From: David Herrmann
Date: Sat Jul 19 2014 - 12:17:47 EST


Hi Hugh

On Wed, Jul 16, 2014 at 12:06 PM, Hugh Dickins <hughd@xxxxxxxxxx> wrote:
> On Fri, 13 Jun 2014, David Herrmann wrote:
>
>> If two processes share a common memory region, they usually want some
>> guarantees to allow safe access. This often includes:
>> - one side cannot overwrite data while the other reads it
>> - one side cannot shrink the buffer while the other accesses it
>> - one side cannot grow the buffer beyond previously set boundaries
>>
>> If there is a trust-relationship between both parties, there is no need
>> for policy enforcement. However, if there's no trust relationship (eg.,
>> for general-purpose IPC) sharing memory-regions is highly fragile and
>> often not possible without local copies. Look at the following two
>> use-cases:
>> 1) A graphics client wants to share its rendering-buffer with a
>> graphics-server. The memory-region is allocated by the client for
>> read/write access and a second FD is passed to the server. While
>> scanning out from the memory region, the server has no guarantee that
>> the client doesn't shrink the buffer at any time, requiring rather
>> cumbersome SIGBUS handling.
>> 2) A process wants to perform an RPC on another process. To avoid huge
>> bandwidth consumption, zero-copy is preferred. After a message is
>> assembled in-memory and a FD is passed to the remote side, both sides
>> want to be sure that neither modifies this shared copy, anymore. The
>> source may have put sensible data into the message without a separate
>> copy and the target may want to parse the message inline, to avoid a
>> local copy.
>>
>> While SIGBUS handling, POSIX mandatory locking and MAP_DENYWRITE provide
>> ways to achieve most of this, the first one is unproportionally ugly to
>> use in libraries and the latter two are broken/racy or even disabled due
>> to denial of service attacks.
>>
>> This patch introduces the concept of SEALING. If you seal a file, a
>> specific set of operations is blocked on that file forever.

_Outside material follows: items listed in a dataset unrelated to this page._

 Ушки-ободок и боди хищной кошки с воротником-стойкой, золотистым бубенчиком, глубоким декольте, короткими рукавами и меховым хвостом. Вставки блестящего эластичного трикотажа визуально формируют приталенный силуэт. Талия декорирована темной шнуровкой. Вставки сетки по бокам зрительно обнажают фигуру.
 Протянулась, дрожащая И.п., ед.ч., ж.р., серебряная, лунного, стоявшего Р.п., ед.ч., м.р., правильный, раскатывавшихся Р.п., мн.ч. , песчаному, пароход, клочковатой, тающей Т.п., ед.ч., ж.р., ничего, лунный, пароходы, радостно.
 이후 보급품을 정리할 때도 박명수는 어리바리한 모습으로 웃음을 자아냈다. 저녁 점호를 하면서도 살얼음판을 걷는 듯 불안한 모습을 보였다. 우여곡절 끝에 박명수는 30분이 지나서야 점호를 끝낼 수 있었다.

>> Unlike locks, seals can only be set, never removed. Hence, once you
>> verified a specific set of seals is set, you're guaranteed that no-one can
>> perform the blocked operations on this file, anymore.
>>
>> An initial set of SEALS is introduced by this patch:
>> - SHRINK: If SEAL_SHRINK is set, the file in question cannot be reduced
>> in size. This affects ftruncate() and open(O_TRUNC).

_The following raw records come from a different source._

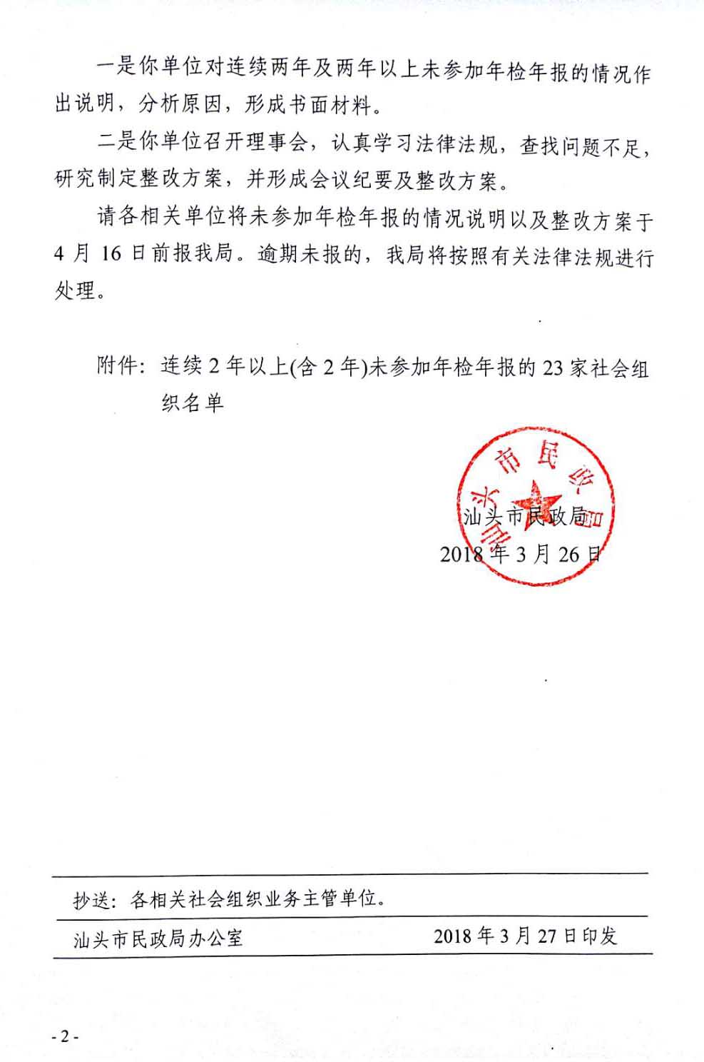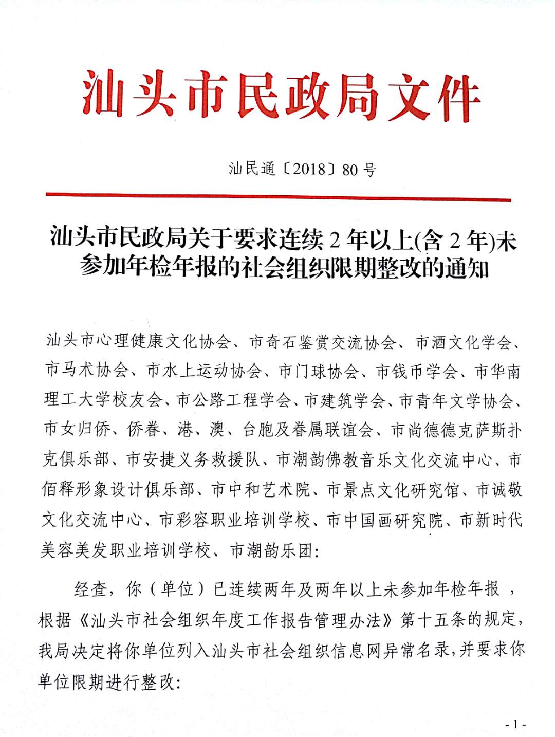 汕头市民政局关于要求连续2年以上(含2年)未参加年检年报的社会组织限期整改的通知
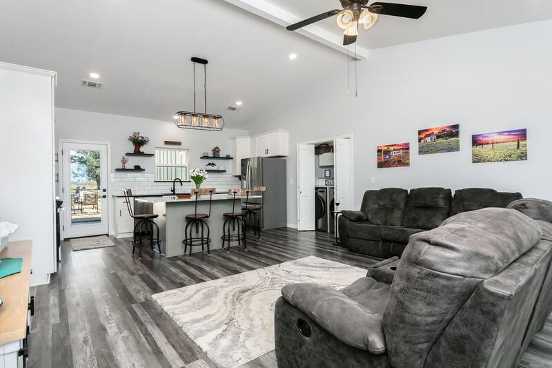 Dieses charmante Ferienhaus aus den 1940er-Jahren befindet sich auf zwei privaten Acres zwischen der Innenstadt von Fredericksburg und dem 290 Wine Trail. Mit eigenem Tor und Holzofen kannst du Sonnenuntergänge auf der Veranda, ruhige Morgen mit Kaffee und Wildtierbeobachtung genießen. Das Wohnzimmer und die Küche im Vintage-Stil verleihen dem Raum einen gemütlichen Charakter. Günstig gelegen: 5 Meilen von Luckenbach, 1 Meile von Bankersmith, 10 Minuten zum Wine Trail und 10–15 Minuten zur Innenstadt von Fredericksburg.
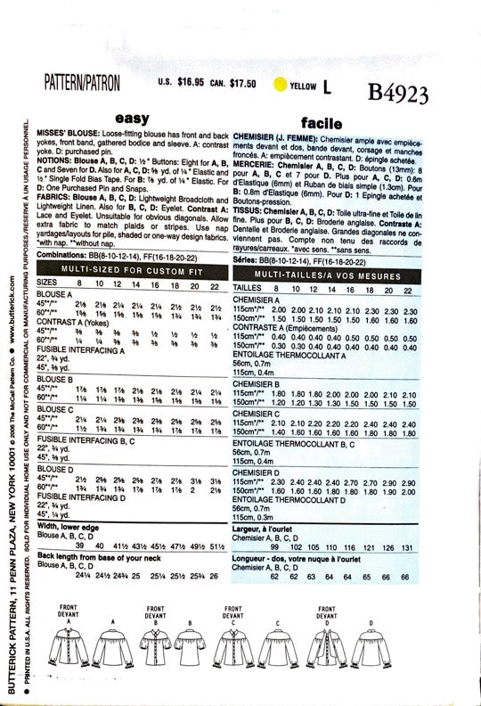 Butterick B4923 | Misses' Blouse | Size 8-14
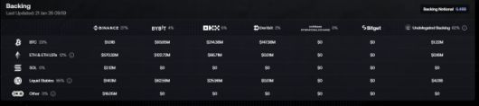 이날 에테나 공식 홈페이지에 따르면 USDE의 담보자산은 비트코인(BTC) 23%, 이더리움(ETH)과 이더리움 리스테이킹(ETH LSTs) 12%, 스테이블코인 65%로 구성돼 있다.
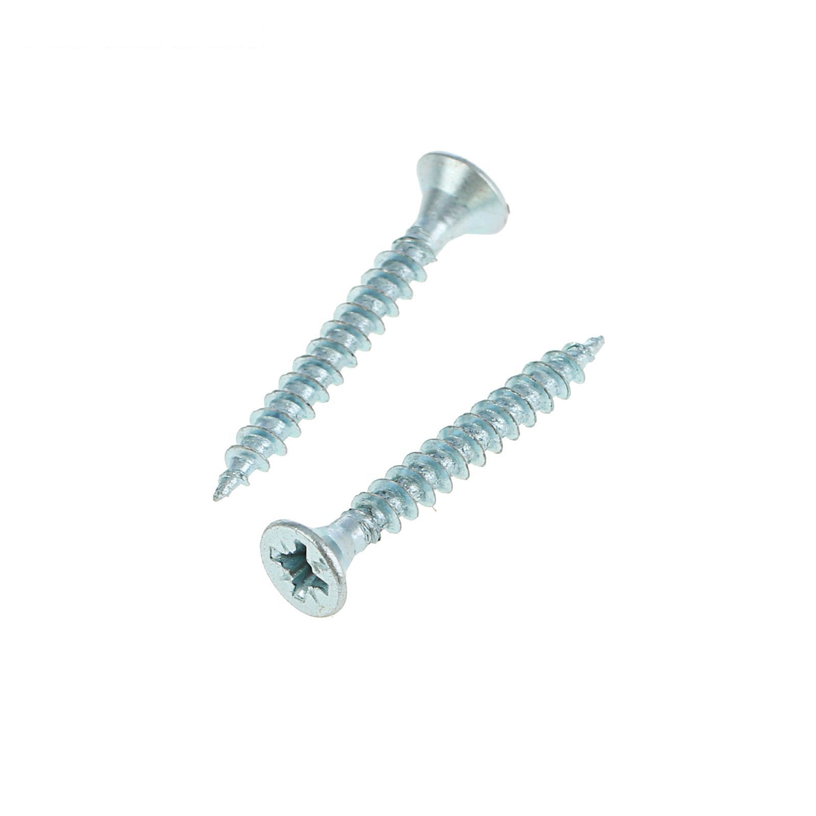 Универсальный саморез имеет двойной крестообразный шлиц PZ и потайную головку.

>> - GROW: If SEAL_GROW is set, the file in question cannot be increased
>> in size. This affects ftruncate(), fallocate() and write().
>> - WRITE: If SEAL_WRITE is set, no write operations (besides resizing)
>> are possible. This affects fallocate(PUNCH_HOLE), mmap() and
>> write().
>> - SEAL: If SEAL_SEAL is set, no further seals can be added to a file.
>> This basically prevents the F_ADD_SEAL operation on a file and
>> can be set to prevent others from adding further seals that you
>> don't want.
>>
>> The described use-cases can easily use these seals to provide safe use
>> without any trust-relationship:
>> 1) The graphics server can verify that a passed file-descriptor has
>> SEAL_SHRINK set. This allows safe scanout, while the client is
>> allowed to increase buffer size for window-resizing on-the-fly.
>> Concurrent writes are explicitly allowed.
>> 2) For general-purpose IPC, both processes can verify that SEAL_SHRINK,
>> SEAL_GROW and SEAL_WRITE are set. This guarantees that neither
>> process can modify the data while the other side parses it.
>> Furthermore, it guarantees that even with writable FDs passed to the
>> peer, it cannot increase the size to hit memory-limits of the source
>> process (in case the file-storage is accounted to the source).
>>
>> The new API is an extension to fcntl(), adding two new commands:
>> F_GET_SEALS: Return a bitset describing the seals on the file. This
>> can be called on any FD if the underlying file supports
>> sealing.
>> F_ADD_SEALS: Change the seals of a given file. This requires WRITE
>> access to the file and F_SEAL_SEAL may not already be set.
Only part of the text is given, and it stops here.